Monday, August 18, 2014

Two Americas

Not the John Edwards kind, wherein the U.S. is divided into the poor and John Edwards. It’s the divide between liberal and conservative.

One of the more amazing parts of the Ferguson, Missouri story is how, in the first days of coverage, both liberals and conservatives agreed that the behavior of the police was unacceptable. Unarmed man shot in the back, heavy-handed tactics to handle protests, police officers without badges or other identification, harassment of the press, and so on. What was so remarkable was that I often found myself double-checking which Twitter account a particular tweet or retweet came from, because all sides seemed united. (I’ll admit to being puzzled by one comment, that “Second Amendment supporters” should have handled the situation. I wasn’t sure what the author was saying, but he seemed to imply that supporting an individual’s right to own firearms obligated one to travel to Ferguson and blast away, which to me was both wrong-headed and poor advice.)

As more facts came to light, however, old positions reasserted themselves. The Right wants to make a big deal of the (apparent) facts that Brown robbed a store shortly before his fatal confrontation and that he was shot in the front, not the back, as a witness initially claimed.
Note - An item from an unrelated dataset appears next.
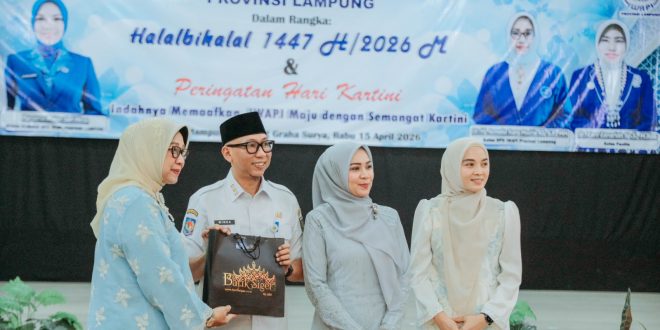 BANDARLAMPUNG , (Medioker.id) – Gubernur Lampung Rahmat Mirzani Djausal menghadiri Halalbihalal Ikatan Wanita Pengusaha Indonesia (Iwapi) Provinsi Lampung yang dirangkaikan dengan Peringatan Hari Kartini 2026, di Gedung Graha Surya, Bandar Lampung, Rabu (15/4/2026).

Yes, the first fact cuts against the “he was a good kid who just wanted to go to college” narrative, and the second fact undermined the “gun-happy police just shot someone in the back when the suspect couldn’t have been a threat to the cop” meme, but neither necessarily justifies the shooting, and certainly does nothing to resurrect the reputation of the police department for its subsequent behavior.

But the Left wants the story to be solely about the shooting, ignoring the rioting and looting that have taken place in the aftermath of the shooting. Protest all you want; march with others with your hands in the air to show solidarity with the victim; and demand that the incident be investigated fully by outside officials – all of those things are both within individuals’ rights and perfectly understandable. Heck, if you like, even invite racial huckster Al Sharpton to come and stir things up. It’s a free country. But no amount of bad behavior on the part of the police justifies individuals burning buildings, smashing windows, and stealing things. (I hasten to add that the protesters and looters are not necessarily one and the same, and, indeed, reports suggest that the looters are coming from elsewhere to take advantage of the situation.) The idea that righteous anger justifies taking someone else’s stuff is thoroughly misguided.

I keep reading stories by the self-aggrandizing press that night after night of looting is a result of unnecessarily heavy police tactics. But it’s become increasingly clear that some people are using the cover of protests to enrich themselves. Protesting is fine; stealing is not. This doesn’t seem to be a difficult narrative, and the distinction is not subtle – swiping hair extensions and sneakers is not protected speech – and yet I’m not seeing the tweets and blog posts from the Left that decries the thieves. In fact, if one wants to complain about police tactics, Rich Lowry points out that the police have utterly abdicated their role as protectors of property. This may seem to be unimportant in the larger picture right now, but business owners are less likely to locate in a spot when they have to worry about their investments going up in flames. If one wonders why the poor have fewer, lower-quality choices in shopping yet higher prices, this is one reason.